**0**wrote:

I'm new to data science and have a problem finding clusters in a data set with 200,000 rows and 50 columns in R.

Since the data have both numeric and nominal variables, methods like K-means which uses Euclidean distance measure doesn't seems like an appropriate choice. So I turn to PAM, agnes and hclust which accepts a distance matrix as input.

The daisy method can work on mixed-type data but the distance matrix is just too big: 200,000 times 200,000 is much larger than 2^31-1 (the vector length limit before R 3.0.0.)

The new R 3.0.0 released yesterday supports long vectors with length longer than 2^31-1. But a double matrix of 200,000 by 200,000 requires a continuous RAM larger than 16Gb which is not possible on my machine.

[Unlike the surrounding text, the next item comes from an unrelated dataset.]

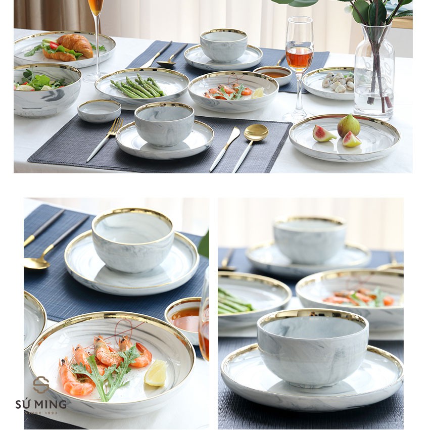Giới thiệu Bộ Bát Đĩa Sứ Đẹp 31 chi tiết Màu Ghi [BẮC ÂU] [CAO CẤP] sang trọng, viền vàng 24k, nhiều màu sắc lựa chọn.
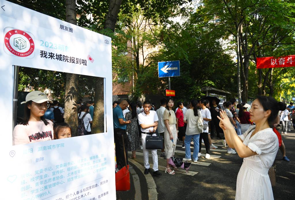 各二级学院与团委、宣传部、餐饮中心“高招”频出,精心准备了各种“花样”迎新活动,让新生们感叹仪式感“爆棚”。团委在迎新点两侧搭建了“欢迎小橙子”特色打卡装置,吸引不少新生、家长在此驻足打卡。土木工程学院以微信朋友圈为背景制作了创意打卡墙,上面既有老师、学长对“萌新”的点赞,还有对他们的深深寄语。宣传部开展了“迎新橙心映象”活动,“新橙子们”纷纷在背景墙前与家长、新同学合影留念,并在现场打印出的照片背面写下自己对未来的期许。在第一餐饮中心,高高立起的大红气拱门分外喜庆,推出各种美食招待来自远方的客人。

I read about parallel computing and bigmemory package and am not sure if they are going to help: if I'm using daisy, it will generates a big matrix which cannot fit in memory anyway.

I also read about this post: heatmaps in R with huge data

And in that post Chris Miller has mentioned that we should consider sampling with really large data.

So in my case, is it relevant to use sampling on the data set, cluster on the sample and then infer the structure of the whole data set?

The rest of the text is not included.